**EXERCISE DIRECTIONS**
What you return should be the exact lines from the one with "With each weekly" to the end of the records below, both included, and no pictures.

**Data items**

╔══

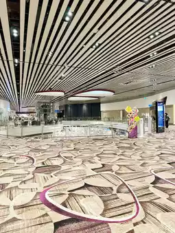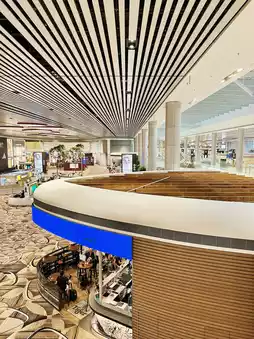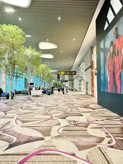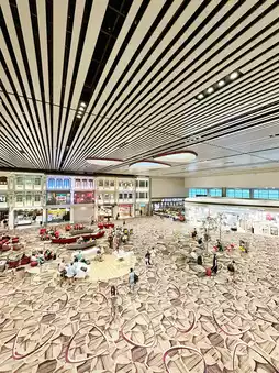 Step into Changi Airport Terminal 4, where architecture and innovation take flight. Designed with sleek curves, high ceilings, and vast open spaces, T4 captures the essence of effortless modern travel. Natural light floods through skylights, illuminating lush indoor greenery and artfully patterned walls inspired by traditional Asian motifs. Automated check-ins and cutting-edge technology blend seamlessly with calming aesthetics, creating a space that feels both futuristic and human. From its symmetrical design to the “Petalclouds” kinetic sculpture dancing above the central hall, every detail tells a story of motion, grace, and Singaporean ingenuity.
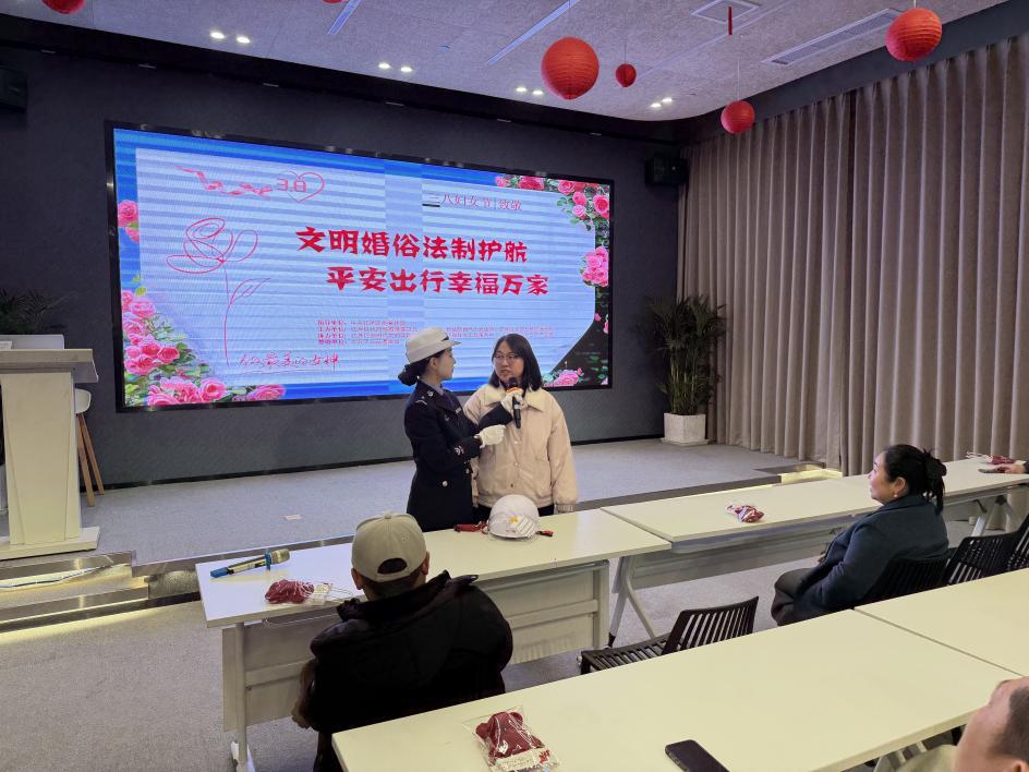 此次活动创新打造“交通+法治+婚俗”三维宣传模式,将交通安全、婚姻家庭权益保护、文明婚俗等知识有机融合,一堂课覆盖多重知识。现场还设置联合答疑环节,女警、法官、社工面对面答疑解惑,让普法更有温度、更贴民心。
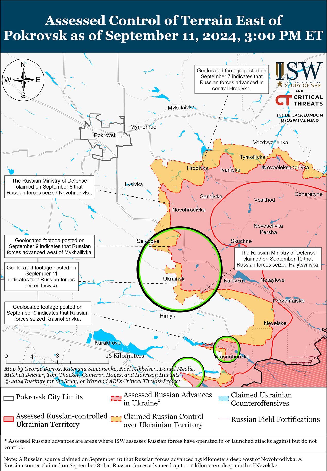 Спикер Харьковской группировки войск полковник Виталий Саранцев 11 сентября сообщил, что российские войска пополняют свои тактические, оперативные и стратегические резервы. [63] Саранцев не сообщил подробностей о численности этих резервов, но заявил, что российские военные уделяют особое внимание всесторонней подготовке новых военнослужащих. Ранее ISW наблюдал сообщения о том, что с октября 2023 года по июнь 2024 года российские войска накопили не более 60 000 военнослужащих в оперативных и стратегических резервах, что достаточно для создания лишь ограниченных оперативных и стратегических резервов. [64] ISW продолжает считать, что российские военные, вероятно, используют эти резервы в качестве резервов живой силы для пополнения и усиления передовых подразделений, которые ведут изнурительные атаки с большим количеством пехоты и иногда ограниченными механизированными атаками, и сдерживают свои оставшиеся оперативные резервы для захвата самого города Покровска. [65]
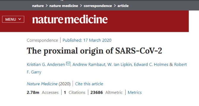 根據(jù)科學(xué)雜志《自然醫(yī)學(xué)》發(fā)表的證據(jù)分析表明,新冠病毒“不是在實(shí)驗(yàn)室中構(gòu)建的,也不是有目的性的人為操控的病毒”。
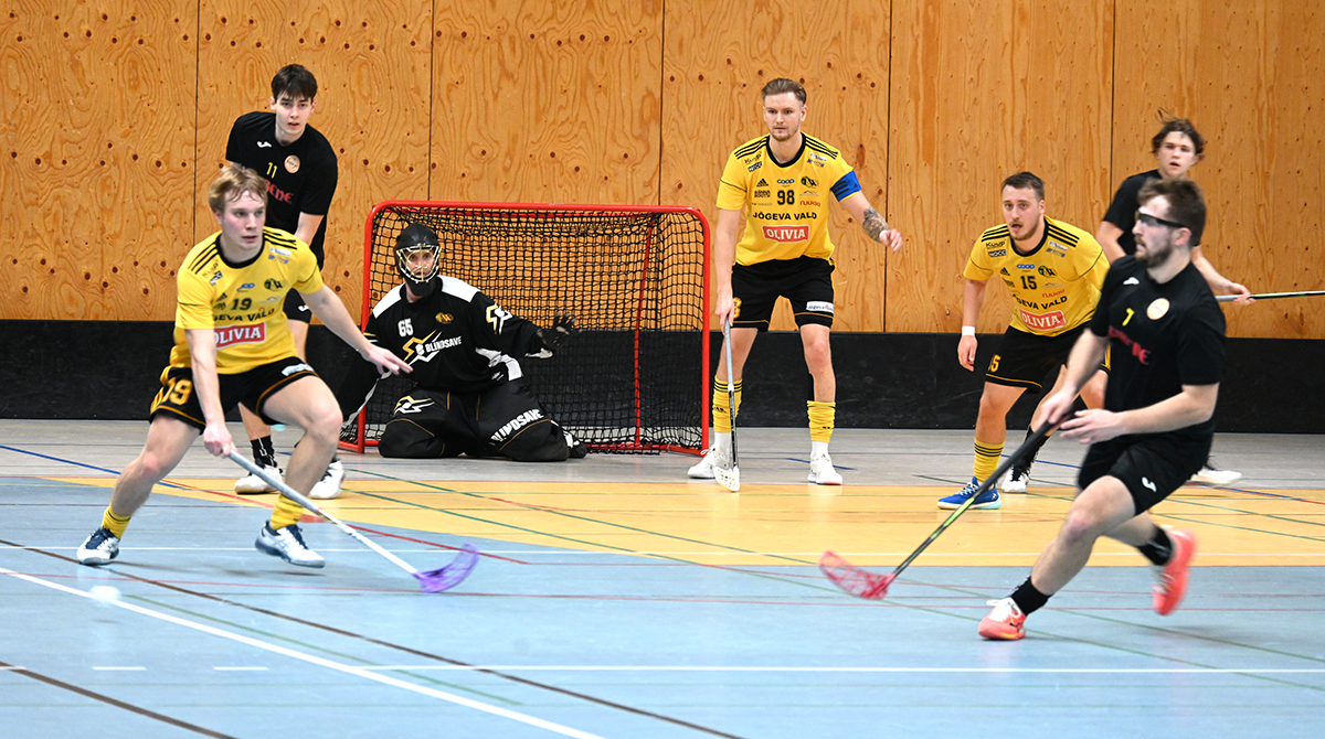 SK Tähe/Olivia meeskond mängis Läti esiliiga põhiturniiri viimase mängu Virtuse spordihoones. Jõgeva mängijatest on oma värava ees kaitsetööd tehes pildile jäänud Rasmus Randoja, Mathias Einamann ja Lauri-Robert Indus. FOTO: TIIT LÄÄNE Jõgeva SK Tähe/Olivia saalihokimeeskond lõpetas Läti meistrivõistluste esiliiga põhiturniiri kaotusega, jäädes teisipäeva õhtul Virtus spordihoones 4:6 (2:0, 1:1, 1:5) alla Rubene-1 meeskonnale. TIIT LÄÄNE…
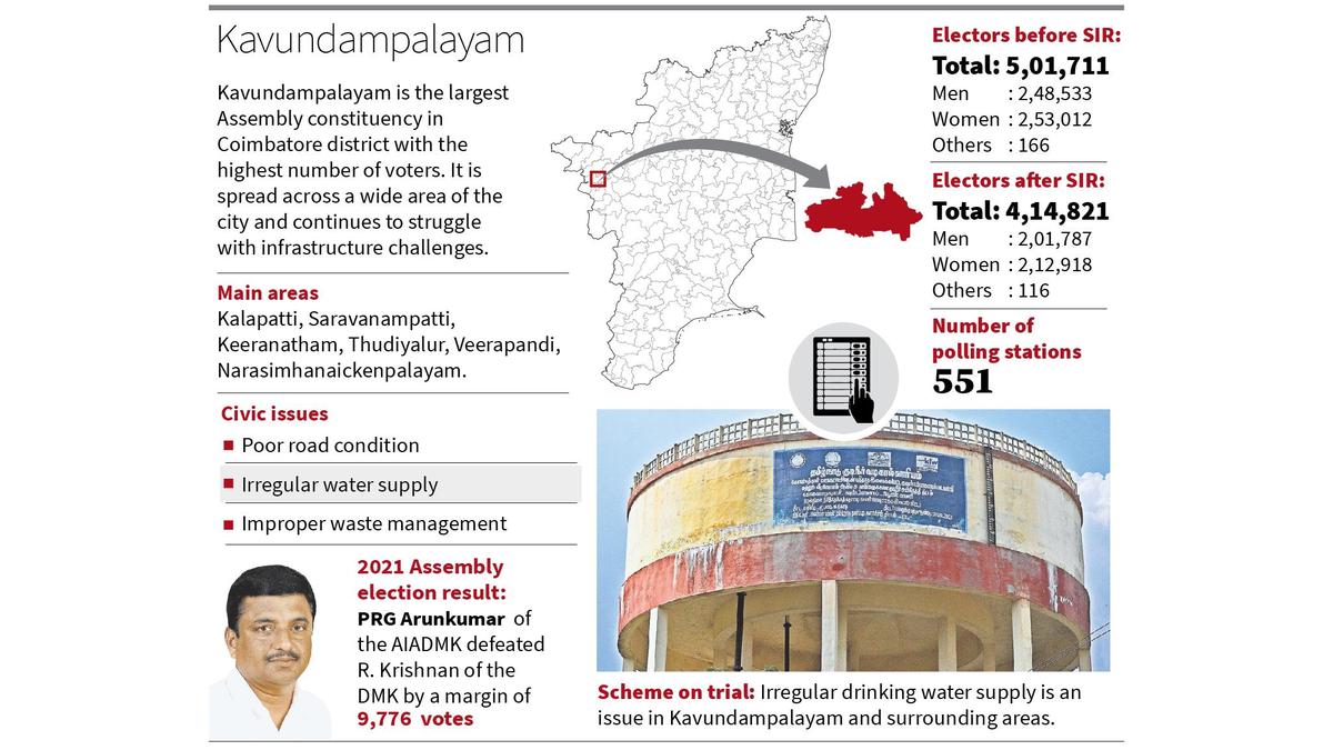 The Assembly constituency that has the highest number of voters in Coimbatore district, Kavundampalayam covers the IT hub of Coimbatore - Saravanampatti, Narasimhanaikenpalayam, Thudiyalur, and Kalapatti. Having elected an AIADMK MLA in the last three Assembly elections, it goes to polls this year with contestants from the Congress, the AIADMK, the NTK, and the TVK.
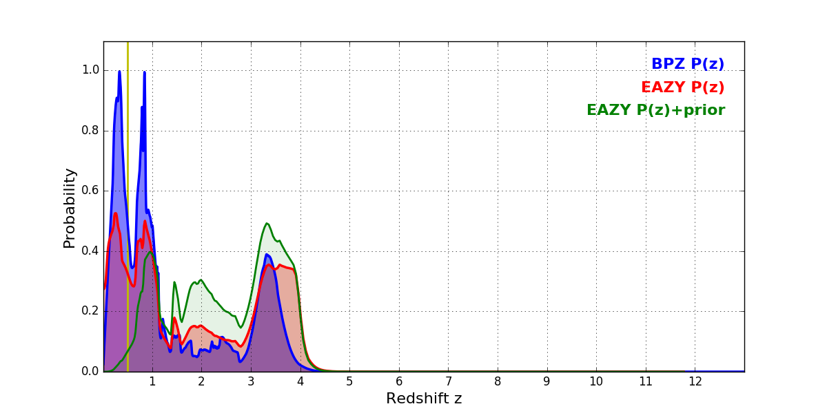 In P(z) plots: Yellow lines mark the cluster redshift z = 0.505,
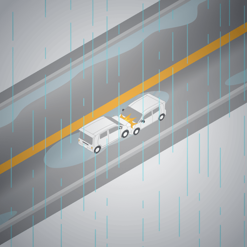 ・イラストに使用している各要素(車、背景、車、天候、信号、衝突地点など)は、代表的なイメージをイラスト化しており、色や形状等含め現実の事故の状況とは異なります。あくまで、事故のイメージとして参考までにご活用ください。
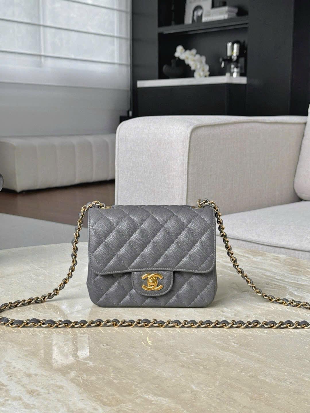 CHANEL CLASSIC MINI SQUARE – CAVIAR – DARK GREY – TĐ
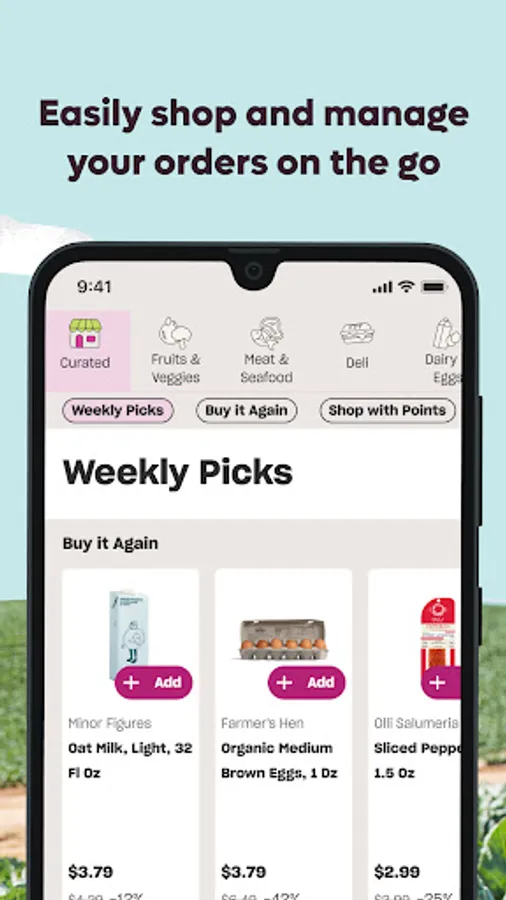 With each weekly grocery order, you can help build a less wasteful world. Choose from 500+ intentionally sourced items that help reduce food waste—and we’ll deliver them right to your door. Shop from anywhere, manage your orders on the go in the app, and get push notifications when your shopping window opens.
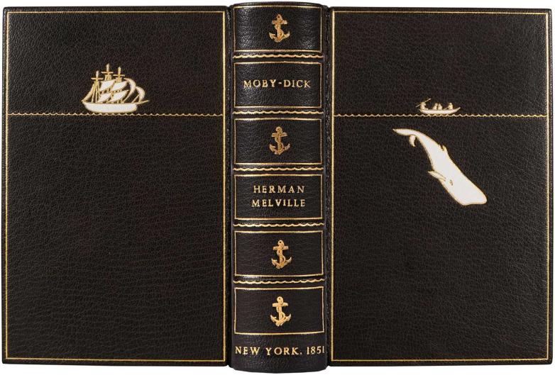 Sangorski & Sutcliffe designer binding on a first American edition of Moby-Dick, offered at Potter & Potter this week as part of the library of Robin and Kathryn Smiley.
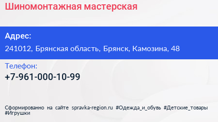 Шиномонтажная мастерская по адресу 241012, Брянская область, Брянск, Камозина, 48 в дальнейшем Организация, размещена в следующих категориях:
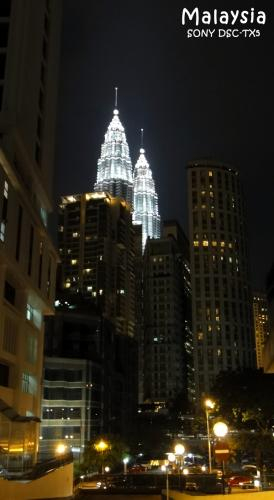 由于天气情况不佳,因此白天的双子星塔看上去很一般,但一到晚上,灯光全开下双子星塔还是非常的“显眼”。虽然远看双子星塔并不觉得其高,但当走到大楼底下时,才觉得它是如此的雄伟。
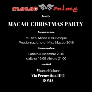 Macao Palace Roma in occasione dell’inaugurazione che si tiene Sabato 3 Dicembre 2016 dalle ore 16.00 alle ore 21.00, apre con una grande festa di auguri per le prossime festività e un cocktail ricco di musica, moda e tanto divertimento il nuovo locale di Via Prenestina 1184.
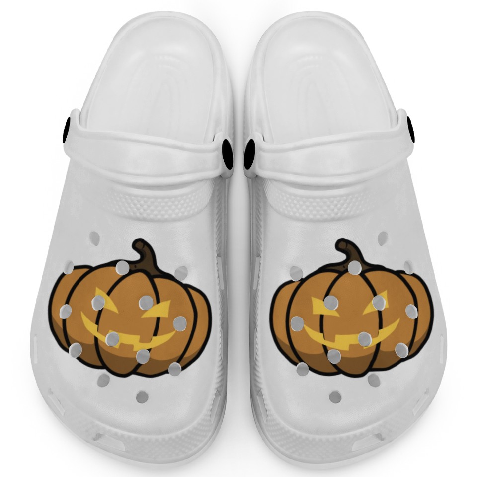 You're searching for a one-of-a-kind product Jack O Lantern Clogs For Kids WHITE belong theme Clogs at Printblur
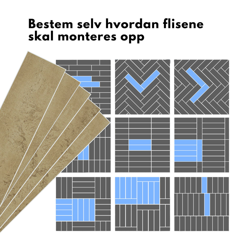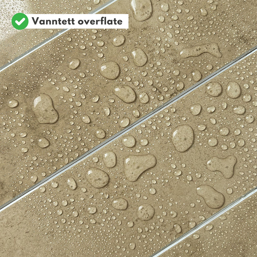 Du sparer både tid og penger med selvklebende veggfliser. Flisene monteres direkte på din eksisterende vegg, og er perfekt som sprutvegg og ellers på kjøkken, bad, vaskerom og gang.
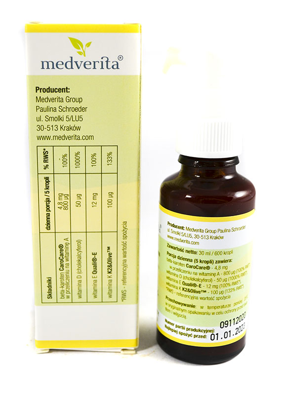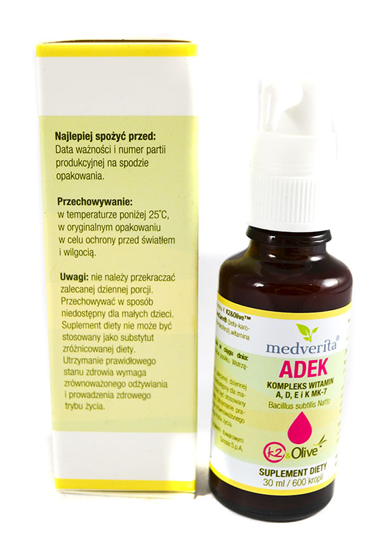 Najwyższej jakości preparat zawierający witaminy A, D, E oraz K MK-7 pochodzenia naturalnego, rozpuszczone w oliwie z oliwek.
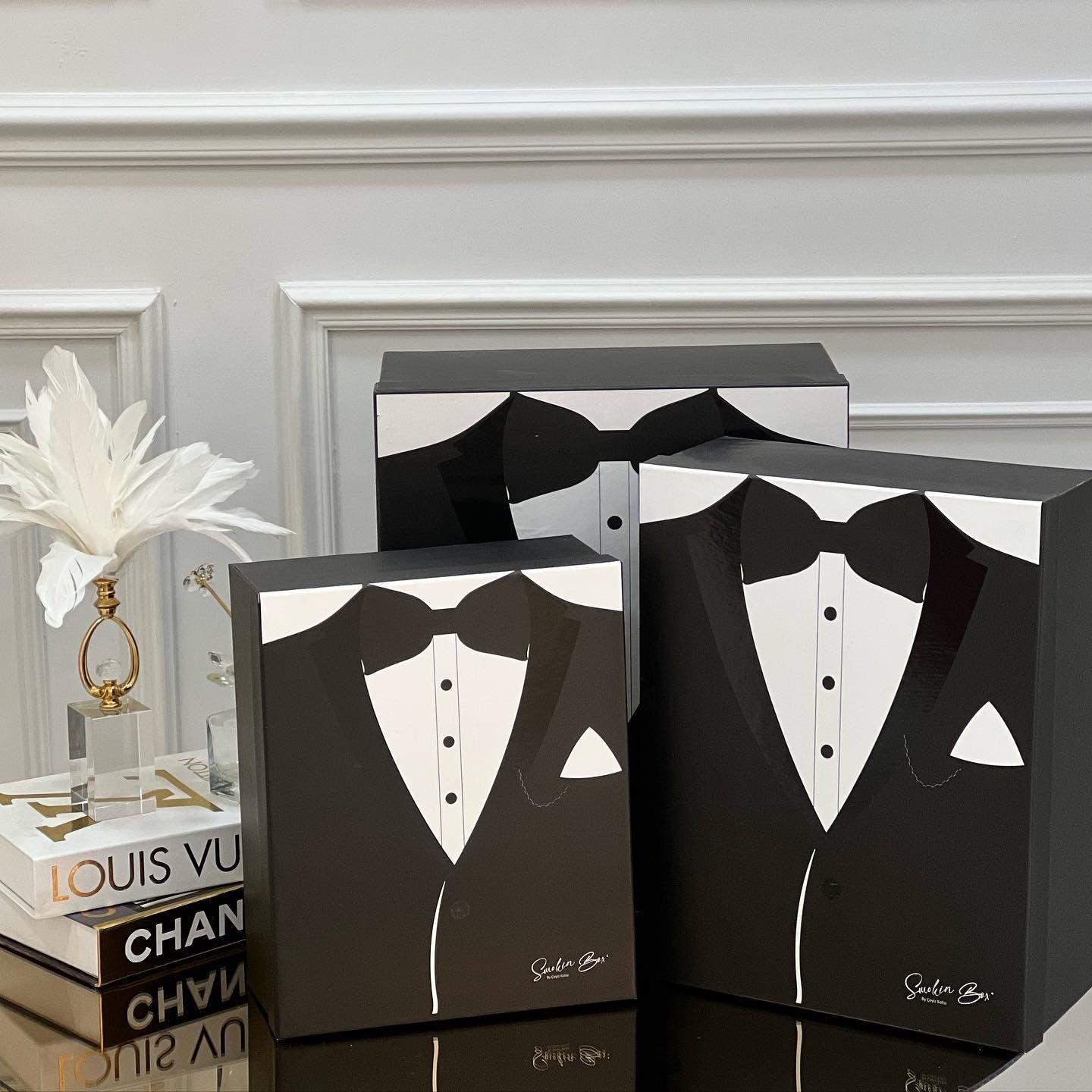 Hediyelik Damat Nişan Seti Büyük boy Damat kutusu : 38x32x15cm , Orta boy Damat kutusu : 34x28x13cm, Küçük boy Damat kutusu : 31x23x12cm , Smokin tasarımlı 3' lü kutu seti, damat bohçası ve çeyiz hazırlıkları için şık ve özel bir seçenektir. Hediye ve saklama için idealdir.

╚══

**ANSWER**
 With each weekly grocery order, you can help build a less wasteful world. Choose from 500+ intentionally sourced items that help reduce food waste—and we’ll deliver them right to your door. Shop from anywhere, manage your orders on the go in the app, and get push notifications when your shopping window opens.
 Sangorski & Sutcliffe designer binding on a first American edition of Moby-Dick, offered at Potter & Potter this week as part of the library of Robin and Kathryn Smiley.
 Шиномонтажная мастерская по адресу 241012, Брянская область, Брянск, Камозина, 48 в дальнейшем Организация, размещена в следующих категориях:
 由于天气情况不佳,因此白天的双子星塔看上去很一般,但一到晚上,灯光全开下双子星塔还是非常的“显眼”。虽然远看双子星塔并不觉得其高,但当走到大楼底下时,才觉得它是如此的雄伟。
 Macao Palace Roma in occasione dell’inaugurazione che si tiene Sabato 3 Dicembre 2016 dalle ore 16.00 alle ore 21.00, apre con una grande festa di auguri per le prossime festività e un cocktail ricco di musica, moda e tanto divertimento il nuovo locale di Via Prenestina 1184.
 You're searching for a one-of-a-kind product Jack O Lantern Clogs For Kids WHITE belong theme Clogs at Printblur
 Du sparer både tid og penger med selvklebende veggfliser. Flisene monteres direkte på din eksisterende vegg, og er perfekt som sprutvegg og ellers på kjøkken, bad, vaskerom og gang.
 Najwyższej jakości preparat zawierający witaminy A, D, E oraz K MK-7 pochodzenia naturalnego, rozpuszczone w oliwie z oliwek.
 Hediyelik Damat Nişan Seti Büyük boy Damat kutusu : 38x32x15cm , Orta boy Damat kutusu : 34x28x13cm, Küçük boy Damat kutusu : 31x23x12cm , Smokin tasarımlı 3' lü kutu seti, damat bohçası ve çeyiz hazırlıkları için şık ve özel bir seçenektir. Hediye ve saklama için idealdir.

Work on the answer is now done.